Write a script to count the total number of set bits of the binary representations of all numbers from 1 to $N and return $total_count_set_bit % 1000000007.
Example 1:
Input: $N = 4
Explanation: First find out the set bit counts of all numbers i.e. 1, 2, 3 and 4.
Decimal: 1
Binary: 001
Set Bit Counts: 1
Decimal: 2
Binary: 010
Set Bit Counts: 1
Decimal: 3
Binary: 011
Set Bit Counts: 2
Decimal: 4
Binary: 100
Set Bit Counts: 1
Total set bit count: 1 + 1 + 2 + 1 = 5
Output: Your script should print `5` as `5 % 1000000007 = 5`.
Example 2:
Input: $N = 3
Explanation: First find out the set bit counts of all numbers i.e. 1, 2 and 3.
Decimal: 1
Binary: 01
Set Bit Count: 1
Decimal: 2
Binary: 10
Set Bit Count: 1
Decimal: 3
Binary: 11
Set Bit Count: 2
Total set bit count: 1 + 1 + 2 = 4
Output: Your script should print `4` as `4 % 1000000007 = 4`.
Count Set Bits in Raku
This is a problem where the data flow (or pipeline) programming model can make things fairly simple: get the numbers in the range, convert each of them to binary, sum the binary digits, sum each sum, and finally get the modulo. In Raku, there are several ways to implement such a data flow: functional programming model, chained method invocations, ==> feed operator, etc. Here, we will use a combination of functional programming and chained method invocations. In fact, it makes it so simple that we can use a Raku one-liner:
$ raku -e 'say ([+] map { .fmt("%b").comb.sum }, 1..@*ARGS[0]) % 1000000007' 4
5
$ raku -e 'say ([+] map { .fmt("%b").comb.sum }, 1..@*ARGS[0]) % 1000000007' 5
7
Count Set Bits in Perl
Perl doesn’t have a sum built-in. There are core modules offering that, but, as I have explained often before, I’m not very keen on using off-the-shelf modules for programming challenges. We could easily write a sum subroutine, but the task is so simple that I prefer to use an accumulator in nested loops:
use strict;
use warnings;
use feature "say";
my $n = shift;
my $sum;
for my $num (1..$n) {
$sum += $_ for split '', sprintf "%b", $num;
}
say $sum % 1000000007;
This duly prints the expected results:
$ perl set_bit_count.pl 4
5
$ perl set_bit_count.pl 5
7
Task 2: Trapped Rain Water
You are given an array of positive numbers @N.

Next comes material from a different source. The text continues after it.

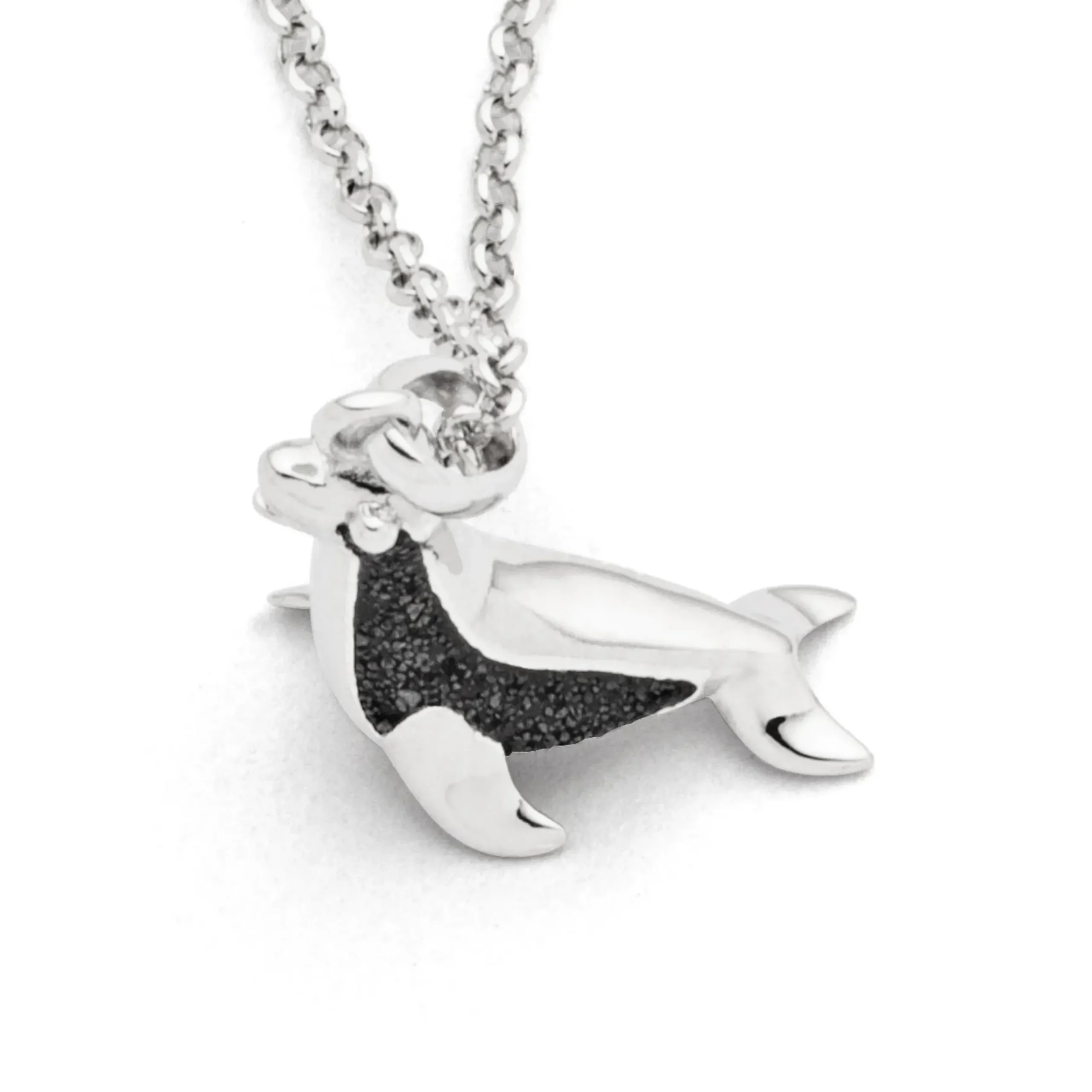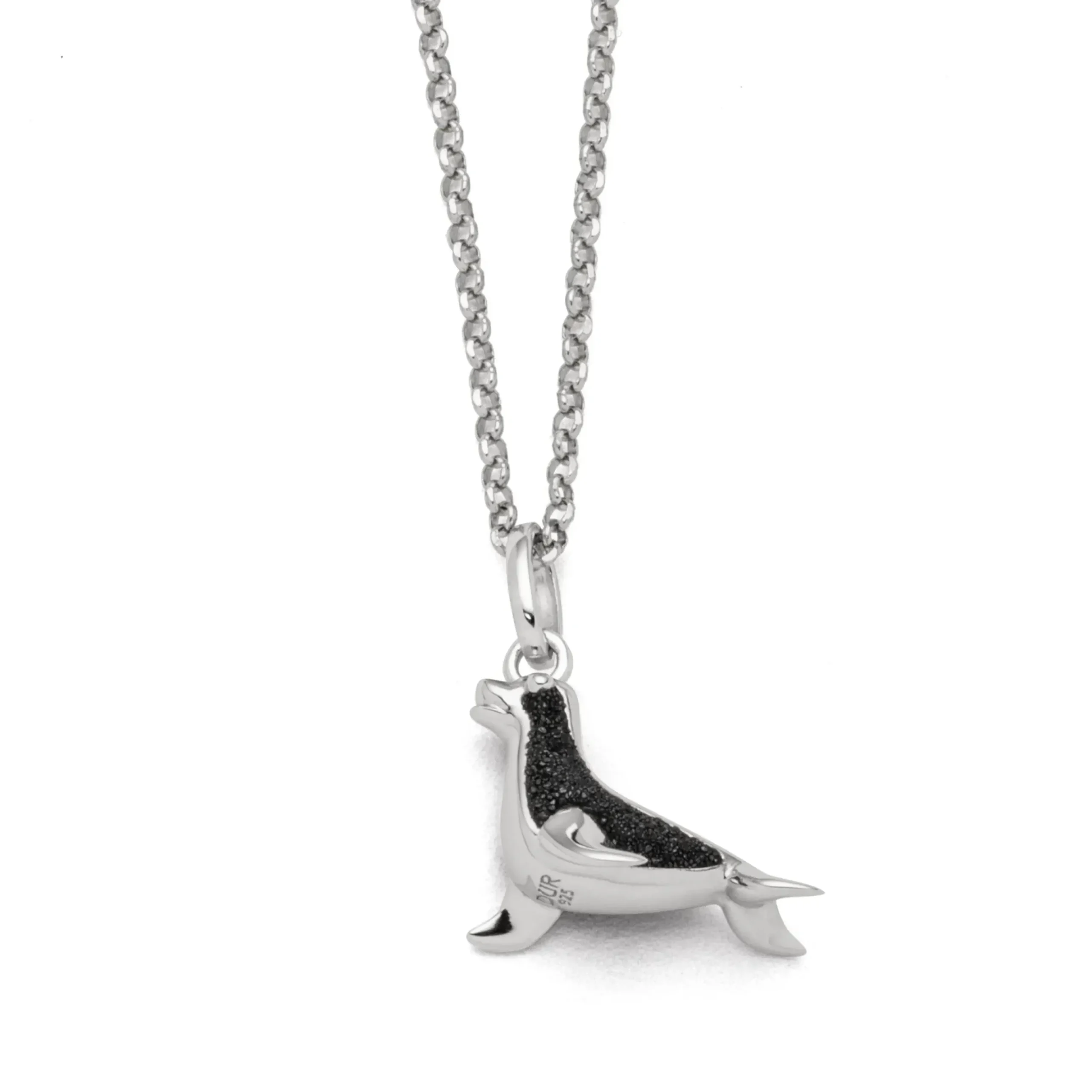 Echte Sehnsucht: Feine Erbskette rhodiniert mit einem Anhänger in Form eines Seehundes, gefüllt mit Lavasand, alles aus poliertem und rhodiniertem 925er Sterling-Silber, ca. 42 cm lang. Durch die Rhodinierung ist das Schmuckstück anlaufgeschützt.

Write a script to represent it as Histogram Chart and find out how much water it can trap.
Example 1:
Input: @N = (2, 1, 4, 1, 2, 5)
The histogram representation of the given array is as below.
5 #
4 # #
3 # #
2 # # # #
1 # # # # # #
_ _ _ _ _ _ _
2 1 4 1 2 5
Looking at the above histogram, we can see, it can trap 1 unit of rain water between 1st and 3rd column. Similarly, it can trap 5 units of rain water between 3rd and last column.
Therefore, your script should print 6.
Example 2:
Input: @N = (3, 1, 3, 1, 1, 5)
The histogram representation of the given array is as below.
5 #
4 #
3 # # #
2 # # #
1 # # # # # #
_ _ _ _ _ _ _
3 1 3 1 1 5
Looking at the above histogram, we can see, it can trap 2 units of rain water between 1st and 3rd column. Also it can trap 4 units of rain water between 3rd and last column.
Therefore, your script should print 6.
Trapped Rain Water in Raku
For drawing the histogram, we just reuse (with some minor changes) the draw-histo subroutine of PWC # 75. It first searches the largest ordinate and then loops down on values between the largest ordinate and 0 and, for each line, prints “#” in the relevant column if the input value is greater than or equal to the current ordinate.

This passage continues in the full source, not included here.